WORK INSTRUCTIONS: Taking the line with "Stay informed: Regulations" as the first and the line with "Ein sehr ausgeglichener, ruhiger" as the last, set down the lines below exactly, pictures excluded.

MATERIAL SHOWN:
::::
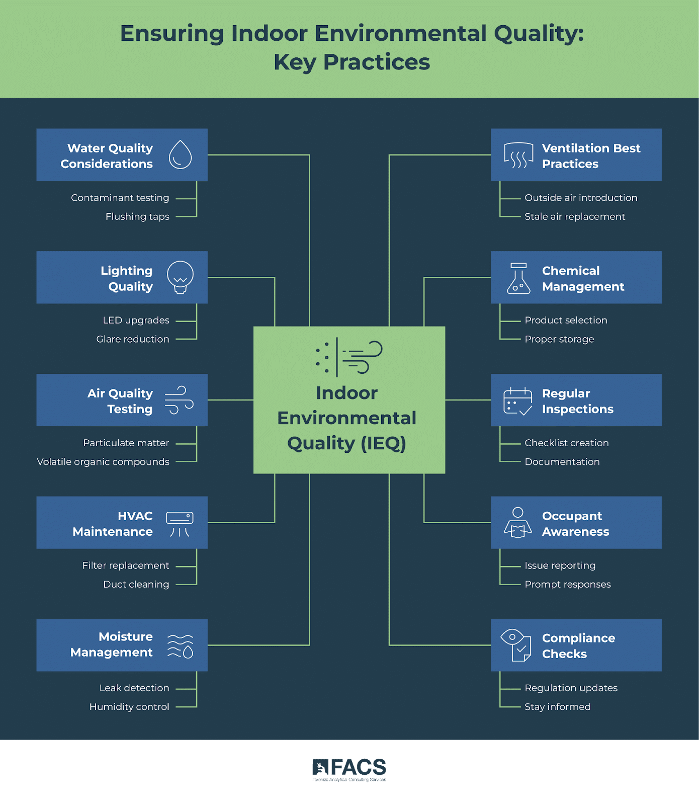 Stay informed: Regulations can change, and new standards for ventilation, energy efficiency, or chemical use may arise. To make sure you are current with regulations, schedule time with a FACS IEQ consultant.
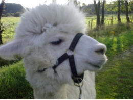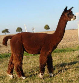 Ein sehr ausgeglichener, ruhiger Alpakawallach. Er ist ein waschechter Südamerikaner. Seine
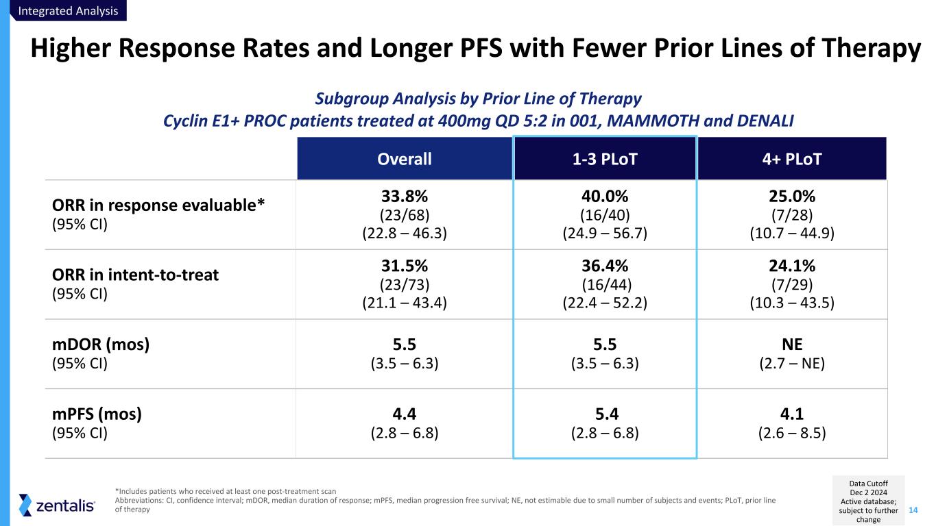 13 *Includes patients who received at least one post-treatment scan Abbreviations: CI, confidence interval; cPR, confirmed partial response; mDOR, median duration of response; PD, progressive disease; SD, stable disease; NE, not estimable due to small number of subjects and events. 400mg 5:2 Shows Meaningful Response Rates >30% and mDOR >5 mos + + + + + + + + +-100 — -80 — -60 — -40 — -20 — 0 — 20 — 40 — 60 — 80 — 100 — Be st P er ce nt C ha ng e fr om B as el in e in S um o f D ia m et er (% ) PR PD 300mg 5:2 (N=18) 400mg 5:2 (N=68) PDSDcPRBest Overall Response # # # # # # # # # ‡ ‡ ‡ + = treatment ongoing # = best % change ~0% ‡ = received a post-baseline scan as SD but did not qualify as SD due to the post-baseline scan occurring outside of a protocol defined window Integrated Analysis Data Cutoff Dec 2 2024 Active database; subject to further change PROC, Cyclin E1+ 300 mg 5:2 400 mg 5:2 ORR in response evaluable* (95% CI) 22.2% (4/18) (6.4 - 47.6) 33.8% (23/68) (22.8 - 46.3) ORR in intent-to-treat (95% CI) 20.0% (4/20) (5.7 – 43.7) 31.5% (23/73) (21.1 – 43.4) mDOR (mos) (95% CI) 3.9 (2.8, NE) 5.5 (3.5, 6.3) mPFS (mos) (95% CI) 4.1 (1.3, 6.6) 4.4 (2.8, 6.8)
::::
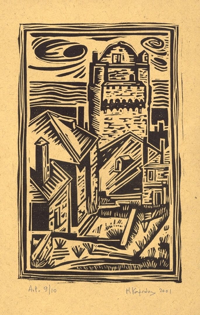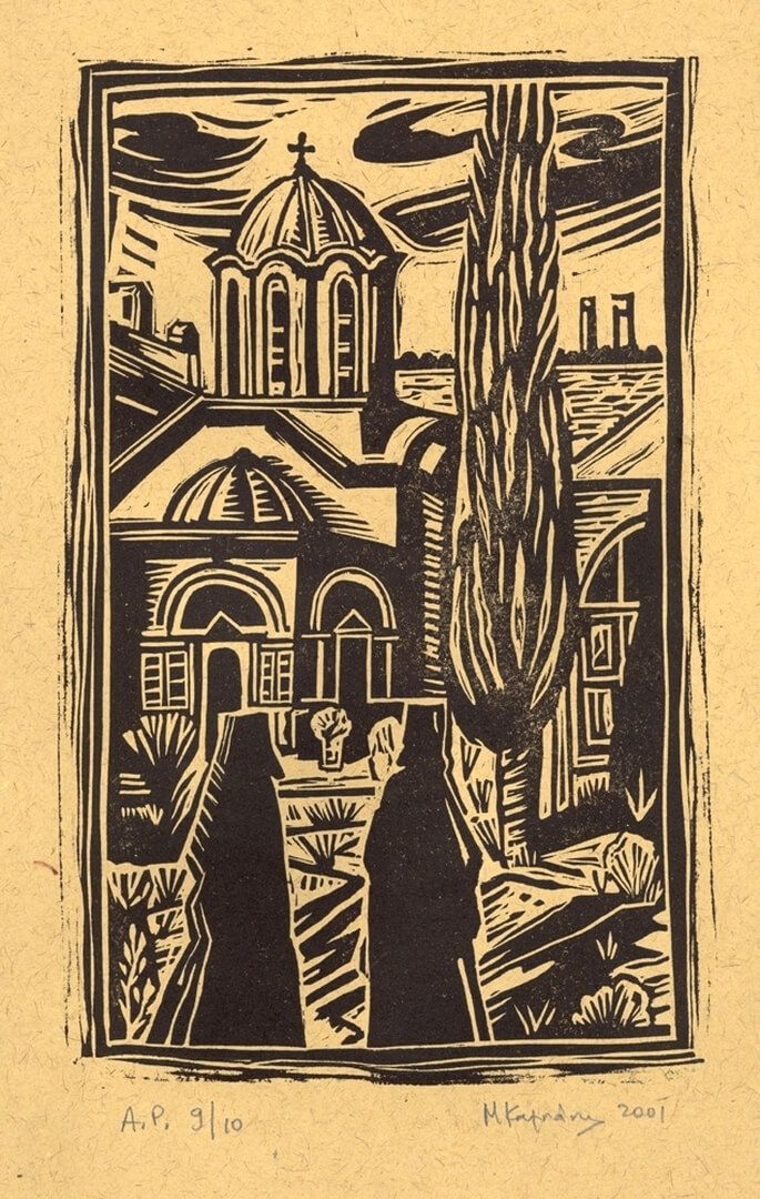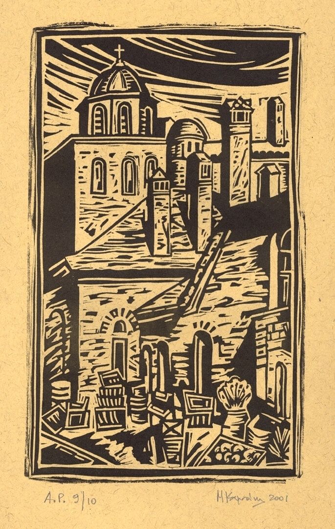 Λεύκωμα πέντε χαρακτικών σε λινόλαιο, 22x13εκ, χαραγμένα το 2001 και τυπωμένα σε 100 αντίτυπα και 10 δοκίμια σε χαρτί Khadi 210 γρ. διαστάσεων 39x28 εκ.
::::
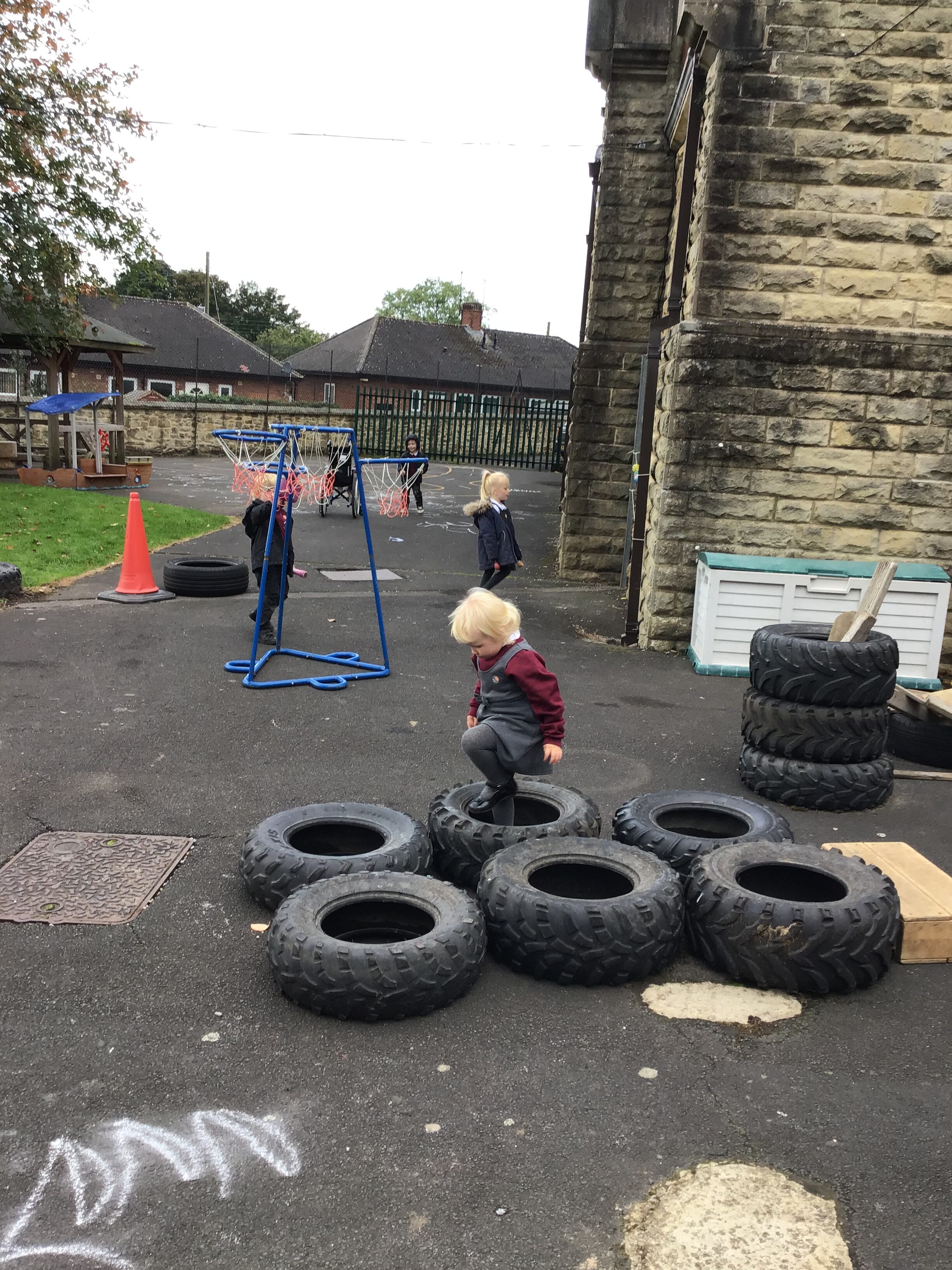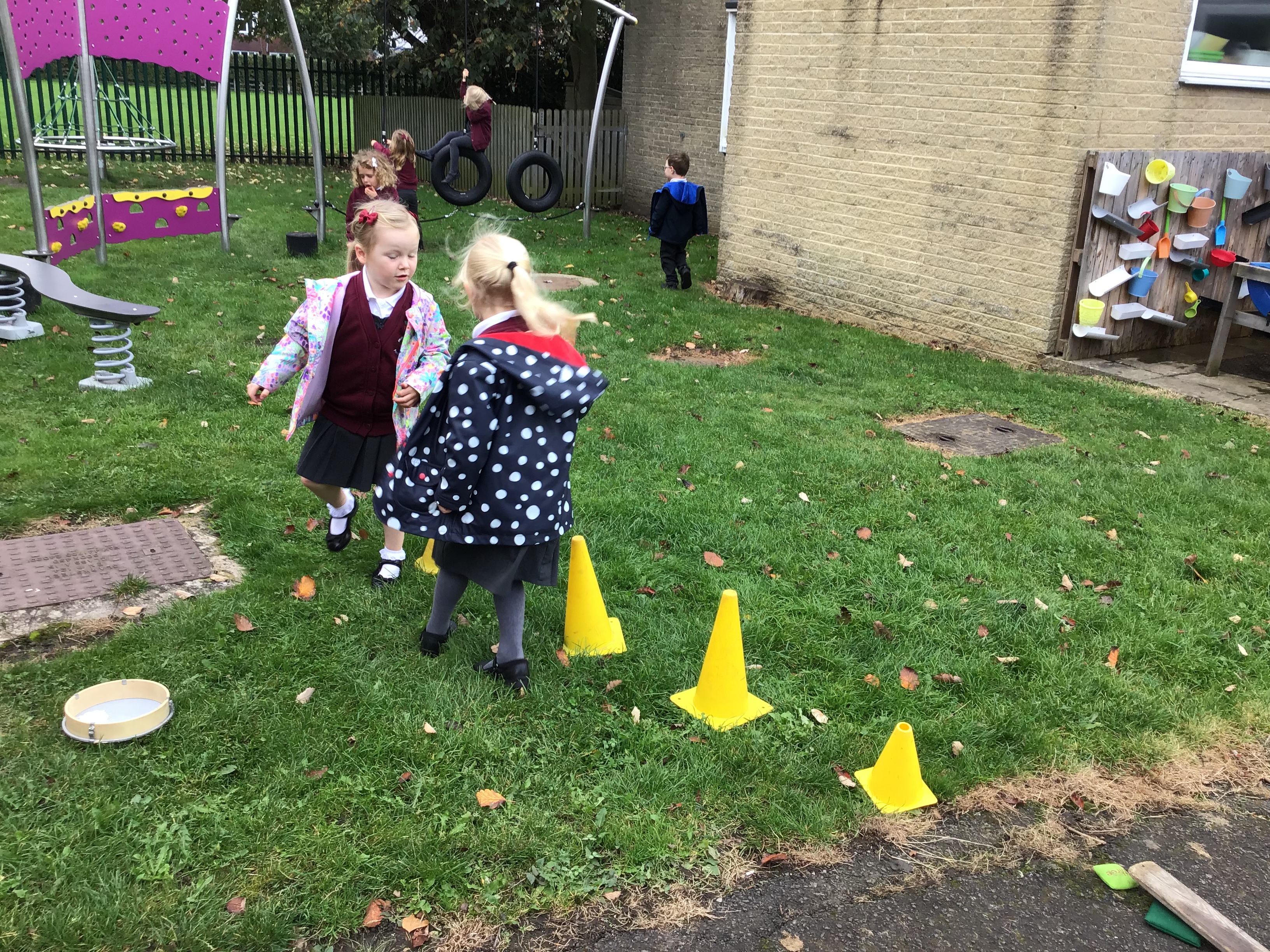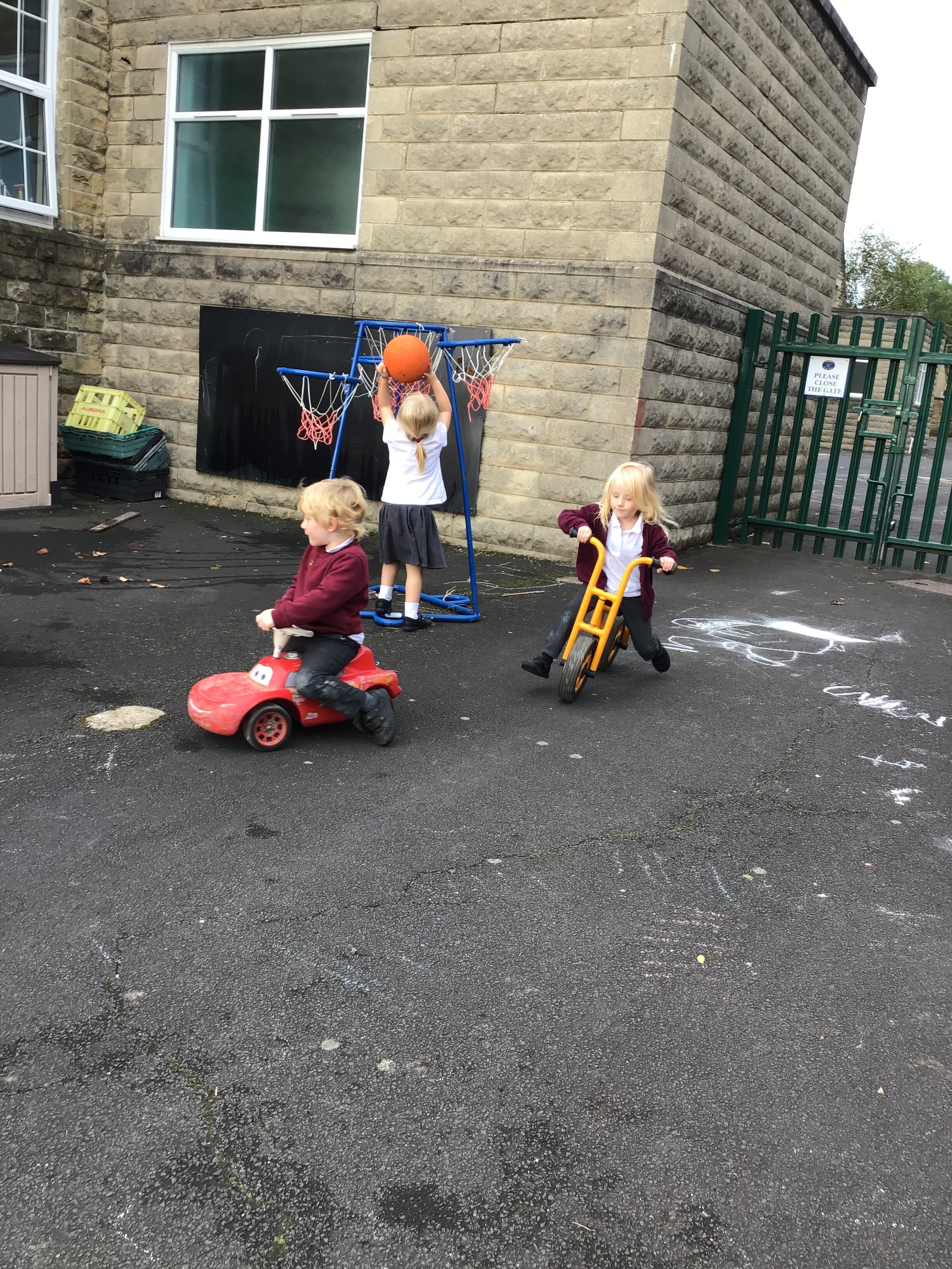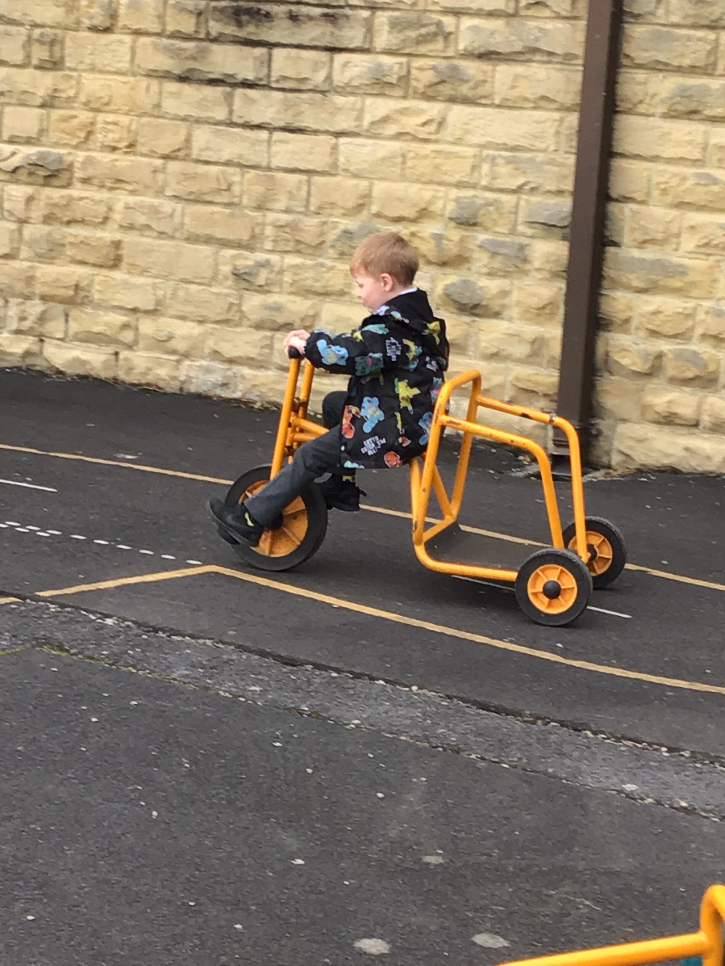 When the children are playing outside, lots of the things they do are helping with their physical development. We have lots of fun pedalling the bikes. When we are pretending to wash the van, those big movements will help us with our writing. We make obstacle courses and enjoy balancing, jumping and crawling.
::::
SOLUTION TO THE EXERCISE:
 Stay informed: Regulations can change, and new standards for ventilation, energy efficiency, or chemical use may arise. To make sure you are current with regulations, schedule time with a FACS IEQ consultant.
 Ein sehr ausgeglichener, ruhiger Alpakawallach. Er ist ein waschechter Südamerikaner. Seine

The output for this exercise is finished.